Hardware: A single H100 SXM
Cost: $1,648 per month (at $2.29 per hour with 1 year commitment).

Big Model: 32B Model on H100 SXM (80 GB)

Maybe 7B doesn't cut it for you. You want serious horsepower, you want a state-of-the-art coding model that beats most other models on coding benchmarks.

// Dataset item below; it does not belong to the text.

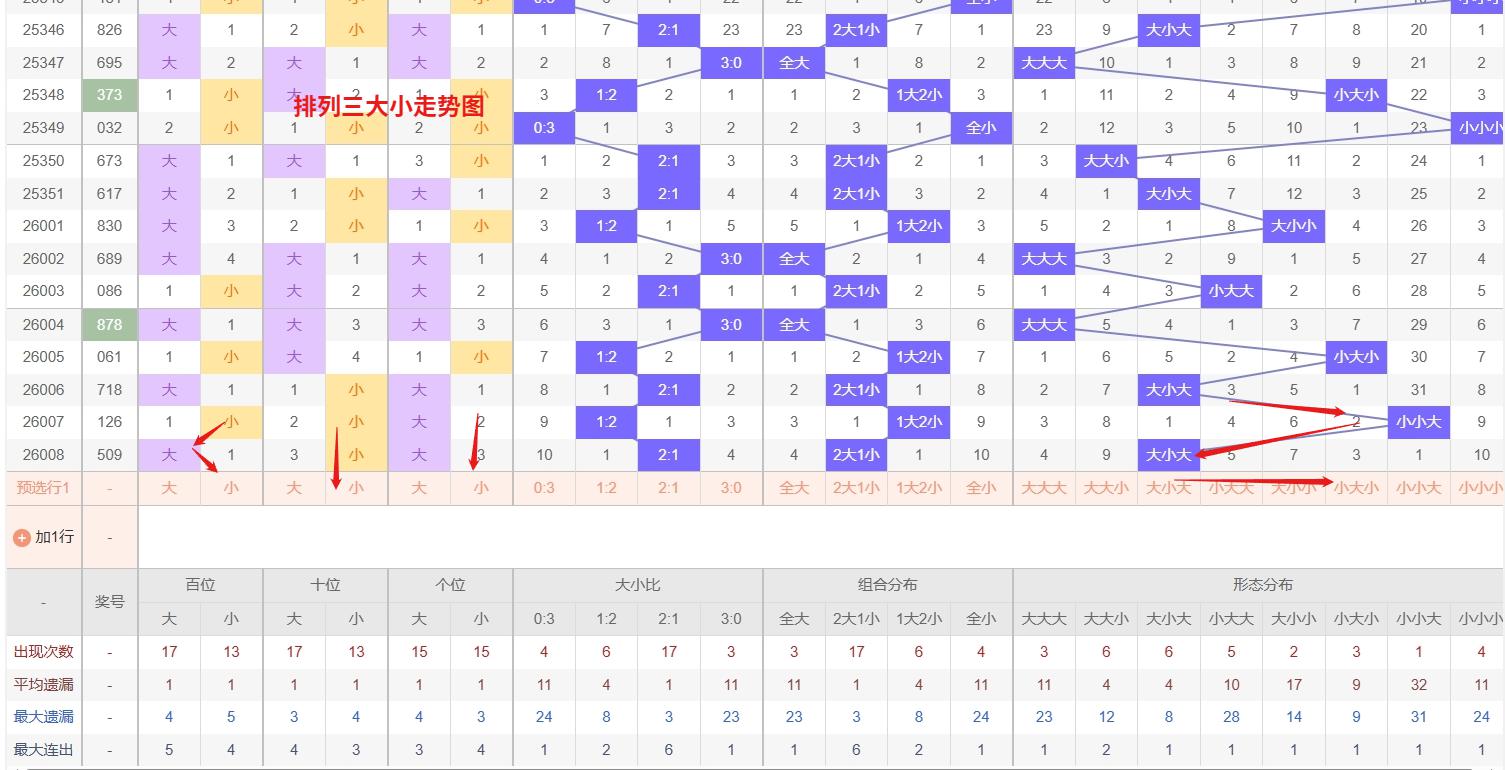 排列三 大小形态分析:从大小走势图上可以看出排列三100期内百位大小比约为55比45,十位大小比约为47:53,个位大小比约为52比48,除了个位和百位奇数比偶数多,十位偶数比奇数多。历史数据近2期开出大小大下一期的走势为,第282期开出大小大第283期开大大小。第295期开出大小大后第296期开小大大,第304期开出大小大后305期开大小小。近期排列三大小走势中,大大小形态持续热出,形成明显强势区间,短期内需重点防范其继续连下;与此同时,大小小形态已进入较冷遗漏阶段,从形态轮动平衡的角度看,存在较强的反弹可能性。这种热态延续与冷态回补并存的格局,所以排列三第2026009期大小形态推荐大小小防大大小。本文由为彩网钱是生命动力所著,请勿转载

Well, we have Qwen 2.5 Coder 32B:

// 32 req/sec
Requests      [total, rate, throughput]         160, 32.20, 17.54
Duration      [total, attack, wait]             9.124s, 4.969s, 4.155s
Latencies     [min, mean, 50, 90, 95, 99, max]  4.155s, 4.456s, 4.465s, 4.529s, 4.607s, 4.713s, 4.745s
Bytes In      [total, mean]                     146108, 913.17
Bytes Out     [total, mean]                     466400, 2915.00
Success       [ratio]                           100.00%
Status Codes  [code:count]                      200:160
Error Set:

// 8 req/sec
Requests      [total, rate, throughput]         40, 8.21, 4.71
Duration      [total, attack, wait]             8.495s, 4.875s, 3.621s
Latencies     [min, mean, 50, 90, 95, 99, max]  3.607s, 3.751s, 3.762s, 3.838s, 3.845s, 3.85s, 3.85s
Bytes In      [total, mean]                     36760, 919.00
Bytes Out     [total, mean]                     116600, 2915.00
Success       [ratio]                           100.00%
Status Codes  [code:count]                      200:40

// 1 req/sec
Requests      [total, rate, throughput]         5, 1.25, 0.67
Duration      [total, attack, wait]             7.408s, 4s, 3.407s
Latencies     [min, mean, 50, 90, 95, 99, max]  3.391s, 3.407s, 3.405s, 3.433s, 3.433s, 3.433s, 3.433s
Bytes In      [total, mean]                     4643, 928.60
Bytes Out     [total, mean]                     14575, 2915.00
Success       [ratio]                           100.00%
Status Codes  [code:count]                      200:5

The lower-bound latency is 3.4s, which could work. But realistically, you don't want to use such a heavy model for code completion.

What you do want to use this model as, is a fairly competent chat model. With streaming responses, you can get really good UX with these models for chat – full-response latency isn't as much of a concern. Fine-tuned to your internal code and documentation, running on your own infra for under $600 a month. In comparison, this much money will only get you 15 GitHub Copilot Enterprise licenses. Unlimited requests per month, where Copilot caps it to a 1000 "premium" requests.

Conclusion

To summarize: the H100 is a compelling option to self-host your own coding LLM, for a reasonable cost.

Deploying your own LLM for coding is very much feasible, and offers you a powerful way to gain privacy, customization abilities and reduce costs. And it isn't as scary as it seems – there are several projects that aim to make self-hosting as simple as spinning up a container in your own private cloud, e.g., TabbyML.